At Vituity, we’ve seen interest in EmPath units grow steadily in recent years, but the pandemic has accelerated demand. We therefore predict that this model will become the standard for acute behavioral healthcare in the future.

Leading the Acute Psychiatry Evolution with Vituity

At Vituity, we believe psychiatry is integral to quality medical care. We can’t practice good emergency medicine, hospital medicine, neurology, or any other specialty without meeting patients’ mental health and substance abuse needs. 

We also believe that hospitals are essential providers of behavioral health services, and that they help in ways community-based programs cannot. We therefore actively embrace the current disruption as an opportunity to transform care for this vulnerable population.

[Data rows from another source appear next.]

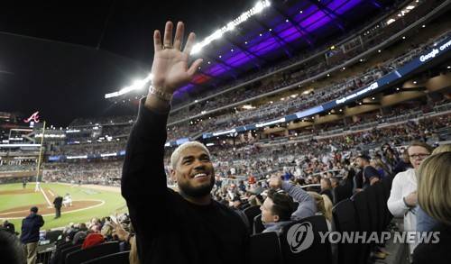 epa09528040 Atlanta United player Josef Martinez waves to fans as he watches in the sixth inning of game 1 of the MLB National League Championship Series playoff baseball game between the Los Angeles Dodgers and the Atlanta Braves at Truist Park in Atlanta, Georgia, USA, 16 October 2021. EPA/BRANDEN CAMP
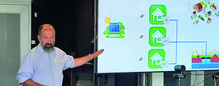 Ved at placere jordvarmeslanger på bunden af gadekæret, kan en varmepumpe hente lavtemperaturenergi, der opvarmer forsamlingshuset. Systemet er forberedt til udvidelse, så flere bygninger kan kobles på.
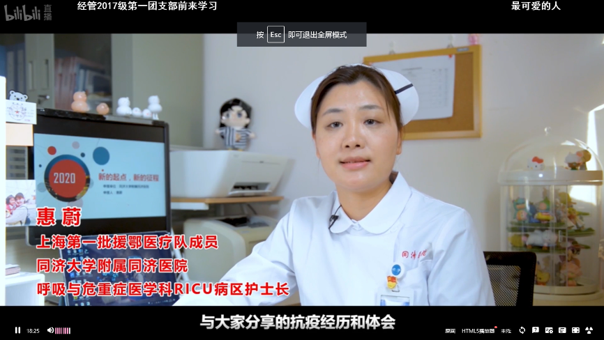 为弘扬五四精神,大力宣传在抗击疫情中做出突出贡献的青年典型,引导和激励我校广大青年锐意进取、开拓奉献,由校团委主办的“奋斗的我,最美的国”同济大学纪念五四运动101周年线上主题团课5月3日15时在B站直播间开讲。2020年同济青年五四奖章获得者、援鄂医护青年代表线上为同学们讲述了他们逆行抗疫的故事,生动诠释了同济青年的责任与担当。我校全体团干部、团支书、广大团员青年共七千余人在线观看直播,共同聆听这堂生动的爱国主义教育大课。

Vituity's front-line psychiatrists are our greatest champions for change. As shared owners in our practice, we have the freedom and support to create our own futures. Here are just a few of the ways we’re transforming care for the benefit of patients everywhere:

  • Helping hospitals create and staff new EmPath units (demand is growing fast).
  • Partnering with tech companies to bring care to more patients exactly where they are.
  • Rapidly expanding our telehealth capabilities to serve more patients and provider teams as the pandemic unfolds.
  • Working within our multispecialty practices to provide seamless care continuity in an increasingly virtual world.
  • Supporting front-line providers in bringing their care delivery innovations to life. One recent example is an application that largely automates psychiatric admissions from the ED.

With our engaged leadership and robust practice management support, Vituity frees up physicians to do what they do best: caring for patients and transforming the future of care.